(Saved data entries)
---

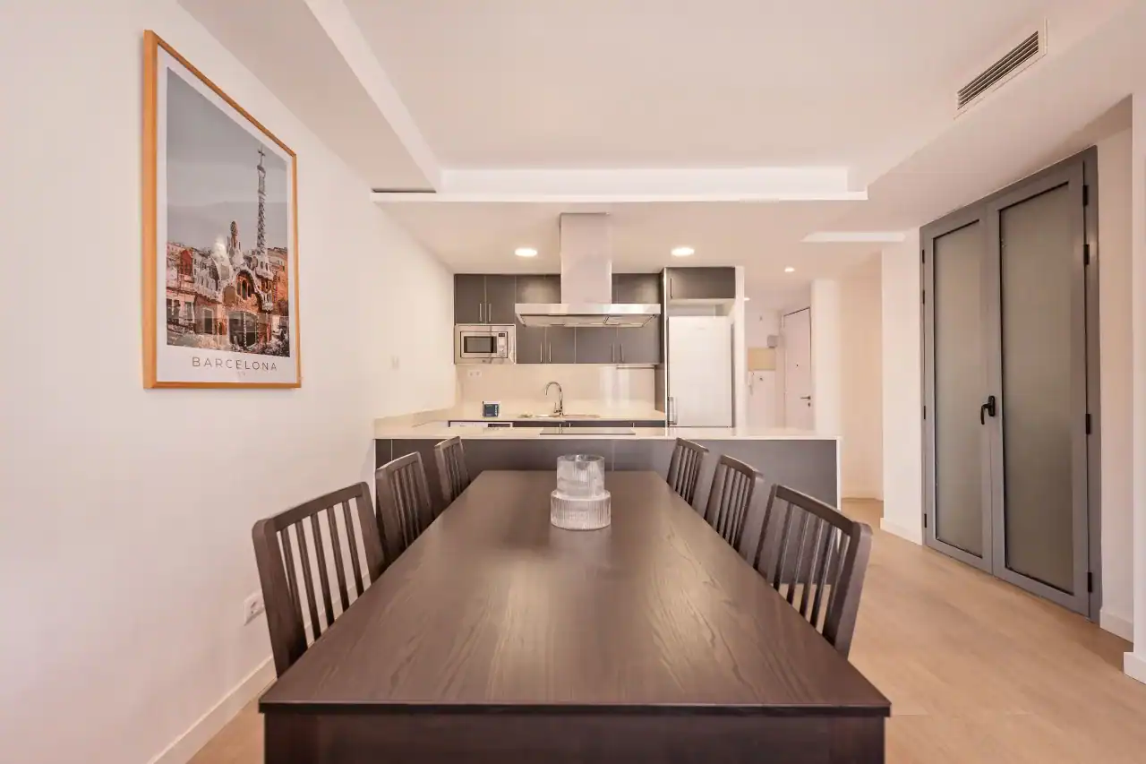 Located in the heart of Barcelona’s enchanting Old City, the Old City Palau Apartments offer a sophisticated and comfortable stay for up to six guests. This elegant three-bedroom, two-bathroom apartment blends contemporary style with a welcoming charm, thanks to its plush furnishings, coordinated colour palette, and thoughtfully designed interiors. Large windows fill the rooms with natural light, while the spacious living and dining areas provide the perfect space for relaxing with family or friends. The fully equipped kitchen allows you to prepare delicious meals at home, and premium touches like high-end toiletries, hotel-quality bedding, and a Nespresso machine add to the sense of luxury.
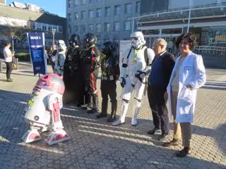 Un año más, la entrada del robot rosa ha sido recibida con "muestras de alegría y curiosidad" por las niñas y los niños, que junto a sus compañeros de Star Wars, han repartido regalos para todos. KaTy ha sido creada por una asociación donostiarra de fans de la saga de George Lucas Legión 501. La visita al hospital se enmarca dentro de la campaña #ThePinkForce que fomenta "un mundo con más niñas y niños felices y menos cáncer".
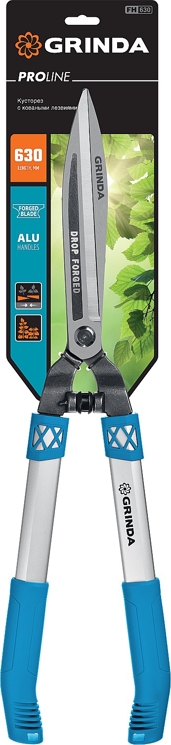 GRINDA FH-630, длина 630 мм, кованые лезвия, антикор. покрытие, алюминиевые рукоятки, накладки РР, кусторез, PROLine (423792)
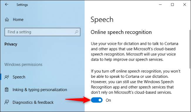 Pour Cortana, vous pouvez au moins arrêter l'examen humain de vos commandes vocales et conversations Cortana. Pour ce faire à partir d'un PC Windows 10, accédez à Paramètres> Confidentialité> Parole. Désactivez ici l'option «Reconnaissance vocale en ligne». (Vous pouvez appuyer sur Windows + I pour ouvrir rapidement la fenêtre Paramètres depuis n'importe où sur Windows.)
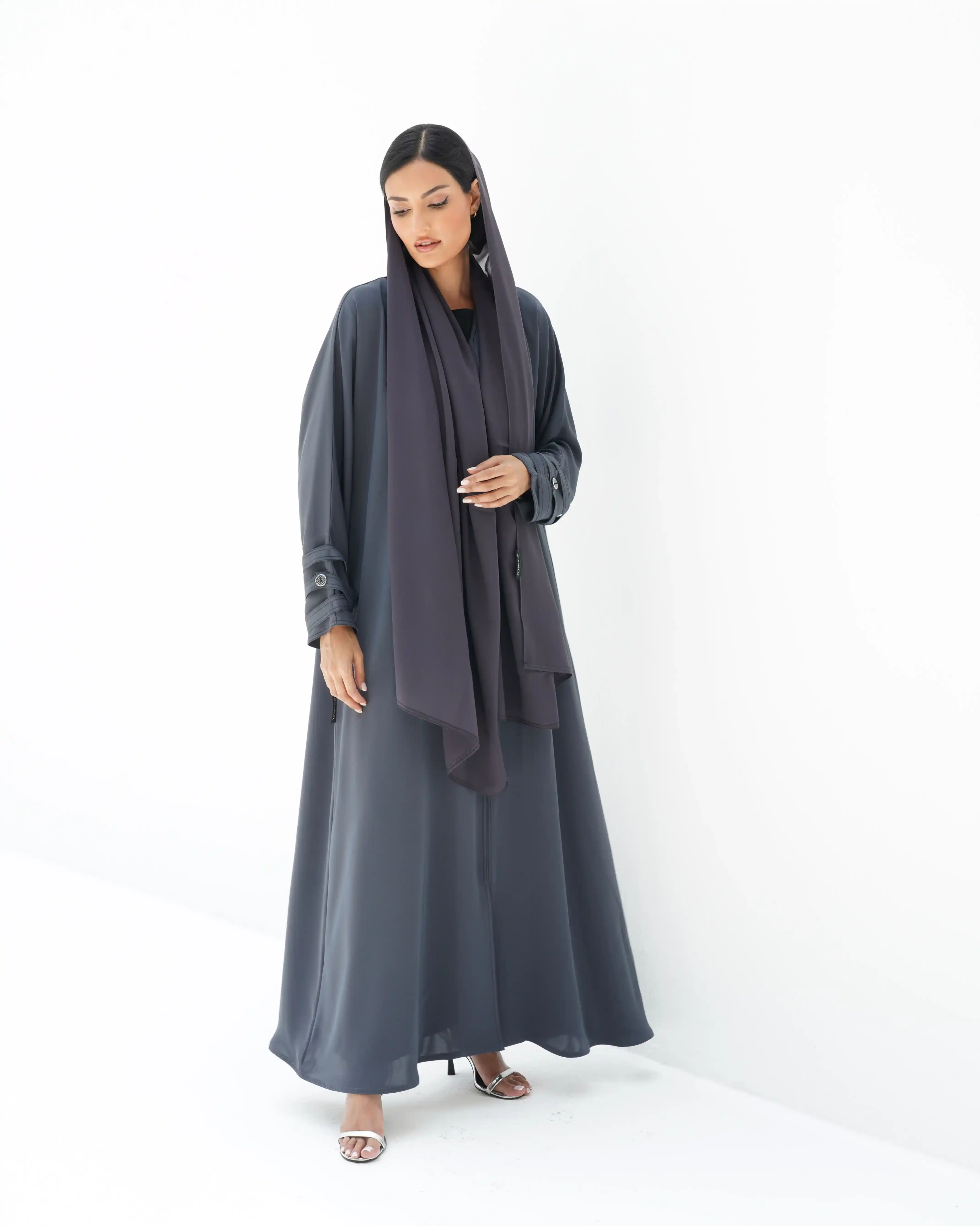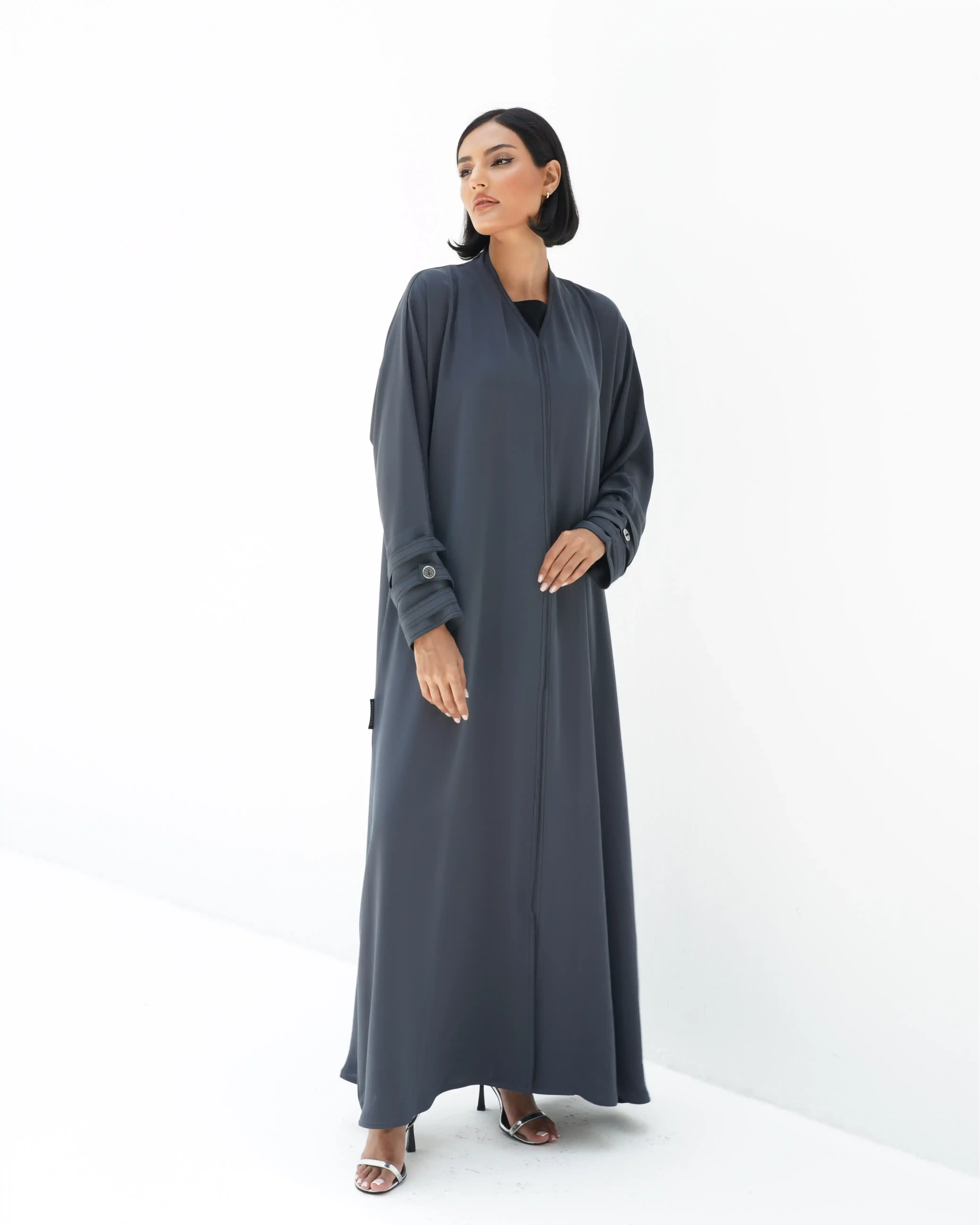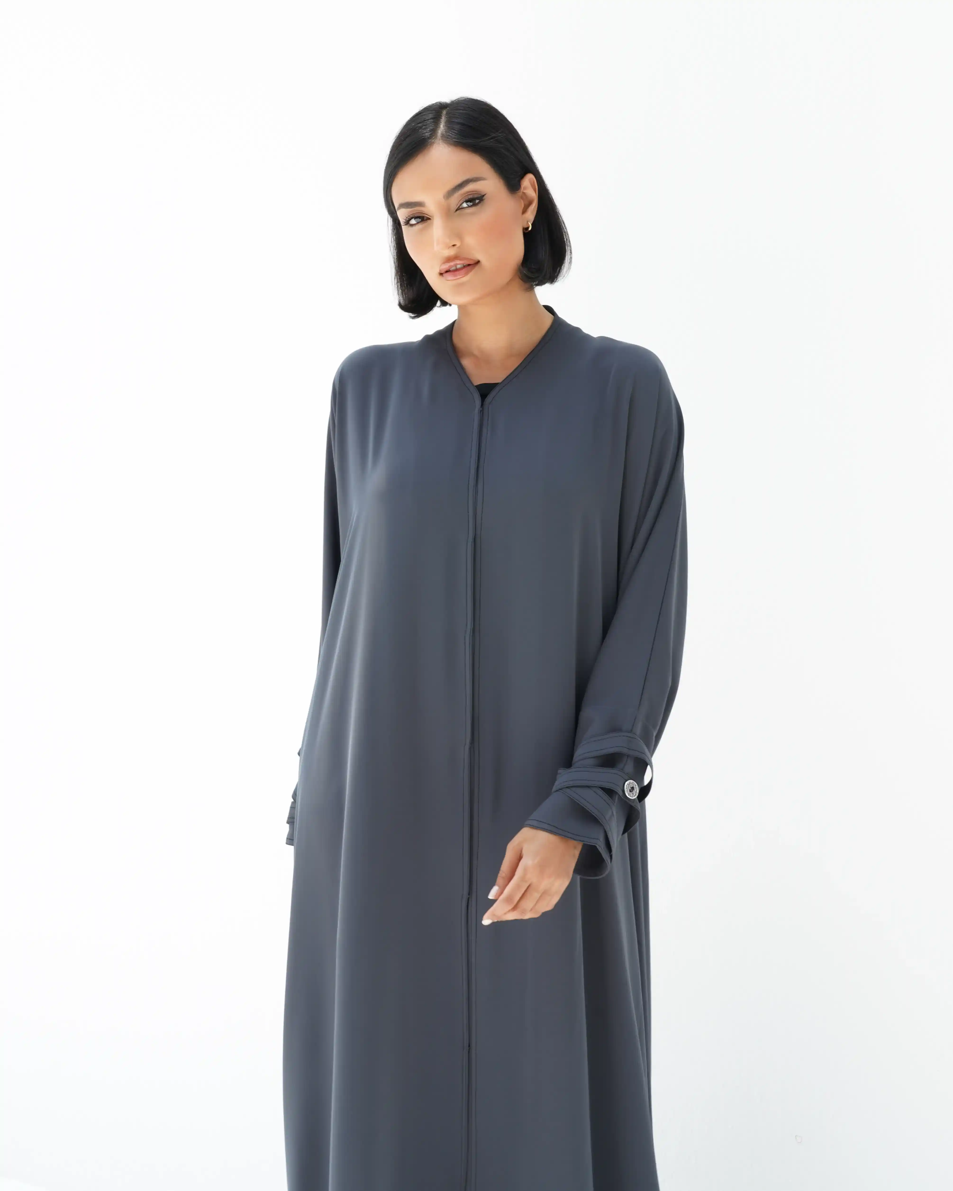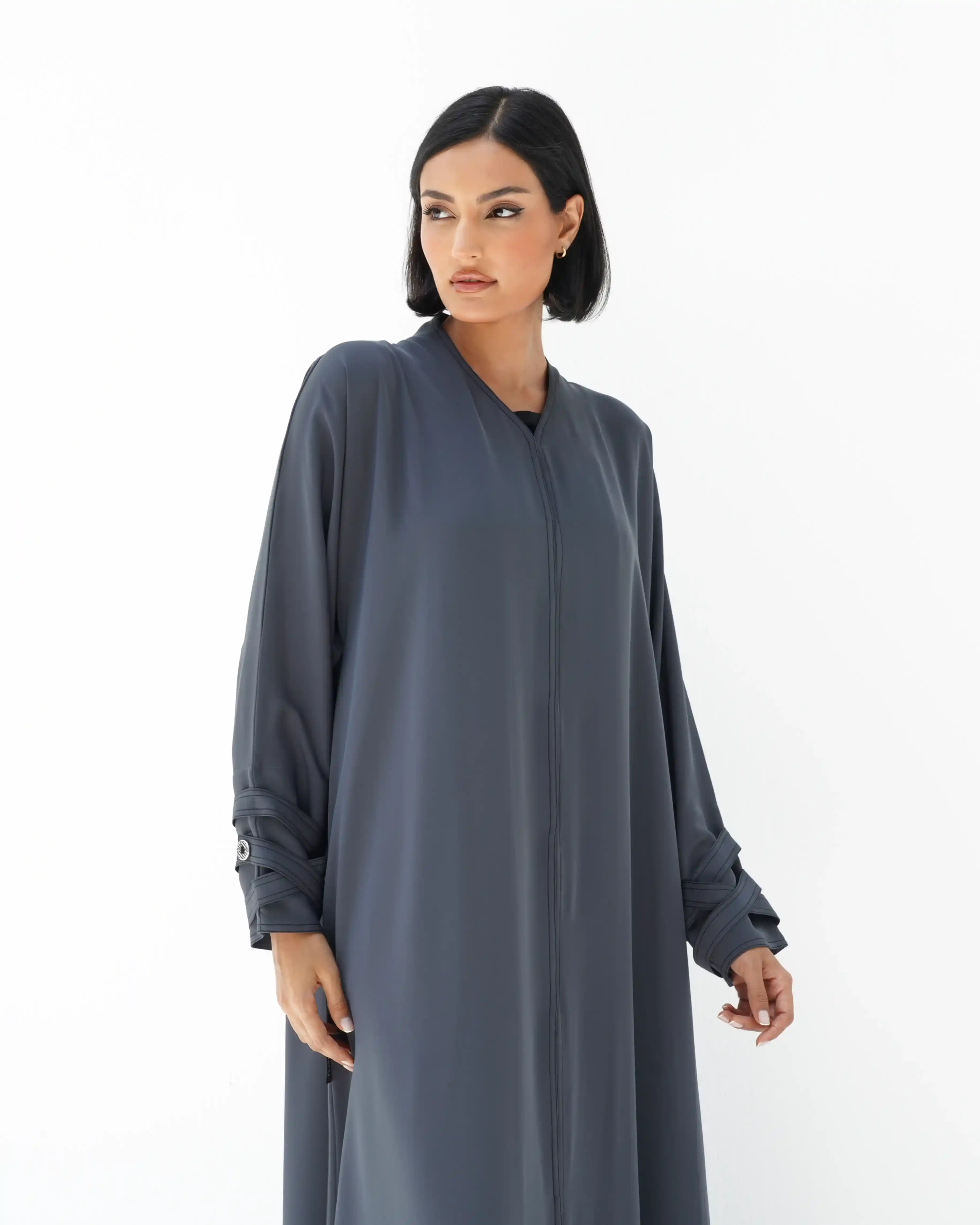 • لون رمادي داكن كامل العباية بخياطة ظاهرة في شرائط الاكمام باللون اسود.

---

• _What to produce_:
Please print every record exactly as written, without the pictures.

• _Problem solution_:
 Located in the heart of Barcelona’s enchanting Old City, the Old City Palau Apartments offer a sophisticated and comfortable stay for up to six guests. This elegant three-bedroom, two-bathroom apartment blends contemporary style with a welcoming charm, thanks to its plush furnishings, coordinated colour palette, and thoughtfully designed interiors. Large windows fill the rooms with natural light, while the spacious living and dining areas provide the perfect space for relaxing with family or friends. The fully equipped kitchen allows you to prepare delicious meals at home, and premium touches like high-end toiletries, hotel-quality bedding, and a Nespresso machine add to the sense of luxury.
 Un año más, la entrada del robot rosa ha sido recibida con "muestras de alegría y curiosidad" por las niñas y los niños, que junto a sus compañeros de Star Wars, han repartido regalos para todos. KaTy ha sido creada por una asociación donostiarra de fans de la saga de George Lucas Legión 501. La visita al hospital se enmarca dentro de la campaña #ThePinkForce que fomenta "un mundo con más niñas y niños felices y menos cáncer".
 GRINDA FH-630, длина 630 мм, кованые лезвия, антикор. покрытие, алюминиевые рукоятки, накладки РР, кусторез, PROLine (423792)
 Pour Cortana, vous pouvez au moins arrêter l'examen humain de vos commandes vocales et conversations Cortana. Pour ce faire à partir d'un PC Windows 10, accédez à Paramètres> Confidentialité> Parole. Désactivez ici l'option «Reconnaissance vocale en ligne». (Vous pouvez appuyer sur Windows + I pour ouvrir rapidement la fenêtre Paramètres depuis n'importe où sur Windows.)
 • لون رمادي داكن كامل العباية بخياطة ظاهرة في شرائط الاكمام باللون اسود.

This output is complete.